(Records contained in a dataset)
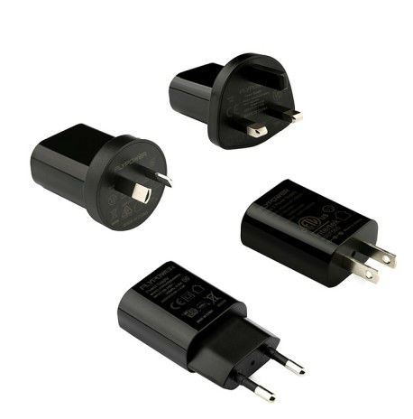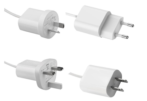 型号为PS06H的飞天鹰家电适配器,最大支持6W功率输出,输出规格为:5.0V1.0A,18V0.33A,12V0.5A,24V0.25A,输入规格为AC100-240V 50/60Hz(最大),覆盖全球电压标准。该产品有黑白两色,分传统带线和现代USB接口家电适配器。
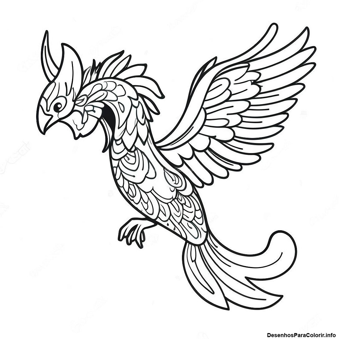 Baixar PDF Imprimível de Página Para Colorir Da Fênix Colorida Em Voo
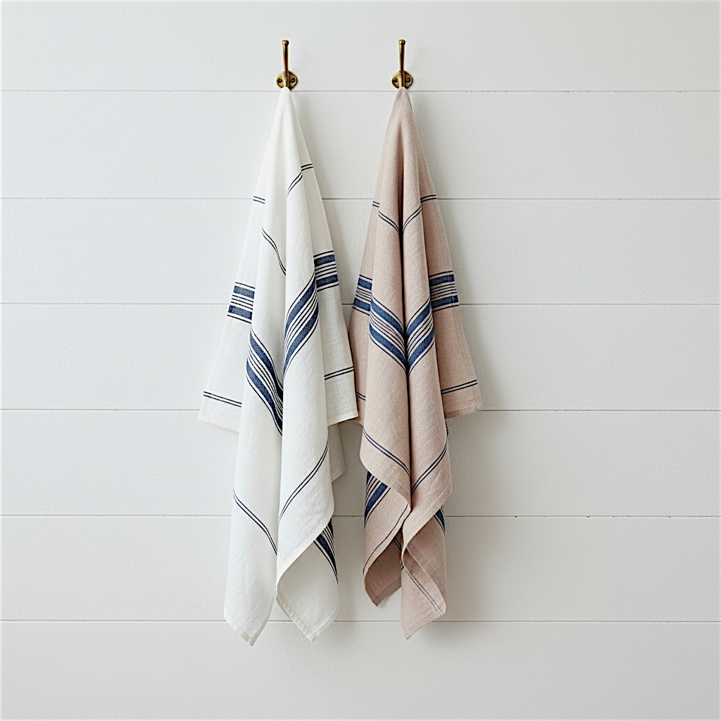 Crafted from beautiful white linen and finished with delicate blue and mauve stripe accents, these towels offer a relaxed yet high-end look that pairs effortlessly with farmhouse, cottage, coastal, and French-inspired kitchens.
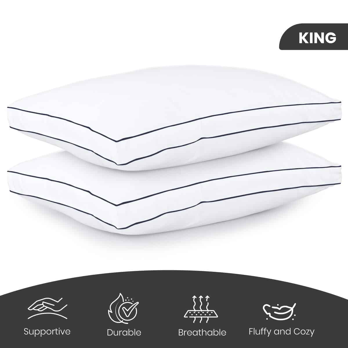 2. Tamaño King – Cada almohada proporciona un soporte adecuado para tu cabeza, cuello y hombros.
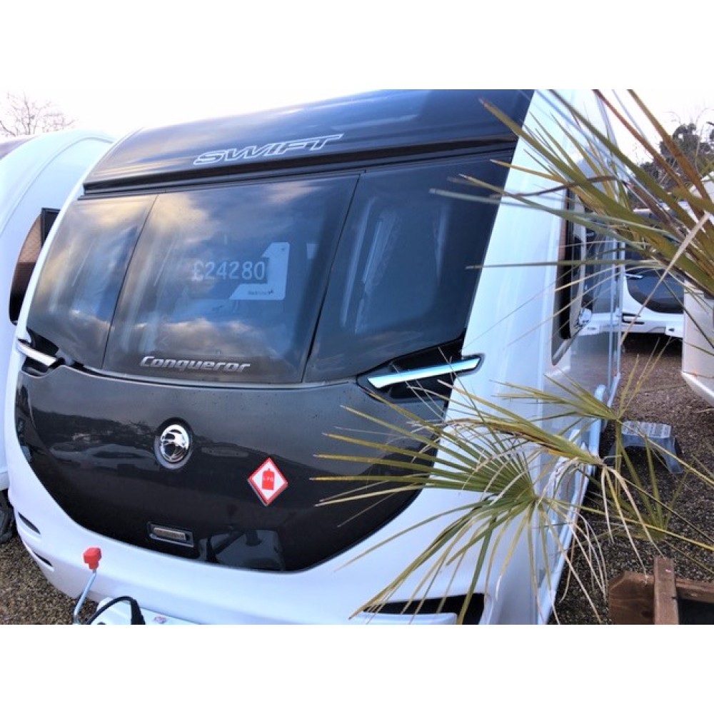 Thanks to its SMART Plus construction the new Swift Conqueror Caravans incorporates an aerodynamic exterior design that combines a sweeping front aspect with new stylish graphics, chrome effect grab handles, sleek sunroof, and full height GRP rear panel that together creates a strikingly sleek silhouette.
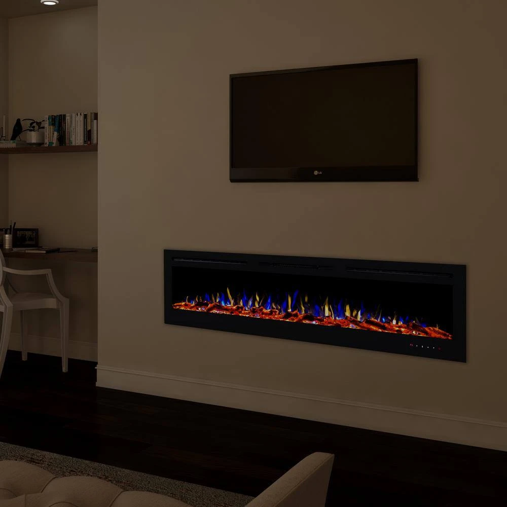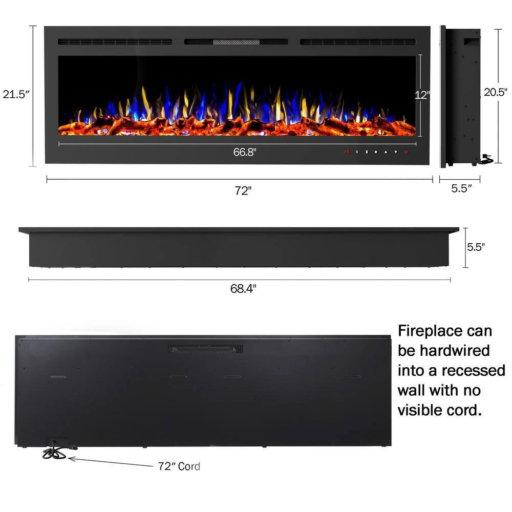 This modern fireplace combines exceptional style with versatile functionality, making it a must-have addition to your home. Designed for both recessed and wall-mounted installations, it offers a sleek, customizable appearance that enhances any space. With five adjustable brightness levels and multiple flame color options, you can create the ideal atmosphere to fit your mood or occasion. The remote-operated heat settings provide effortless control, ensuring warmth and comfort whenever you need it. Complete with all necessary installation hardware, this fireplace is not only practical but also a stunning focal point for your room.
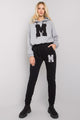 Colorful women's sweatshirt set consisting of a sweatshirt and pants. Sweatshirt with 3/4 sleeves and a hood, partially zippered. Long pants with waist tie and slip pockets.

## Description of the task
In the data above, start at the line holding "Baixar PDF Imprimível" and stop after the line holding "2. Tamaño King"; write out those lines exactly, without pictures.

## Problem solution
 Baixar PDF Imprimível de Página Para Colorir Da Fênix Colorida Em Voo
 Crafted from beautiful white linen and finished with delicate blue and mauve stripe accents, these towels offer a relaxed yet high-end look that pairs effortlessly with farmhouse, cottage, coastal, and French-inspired kitchens.
 2. Tamaño King – Cada almohada proporciona un soporte adecuado para tu cabeza, cuello y hombros.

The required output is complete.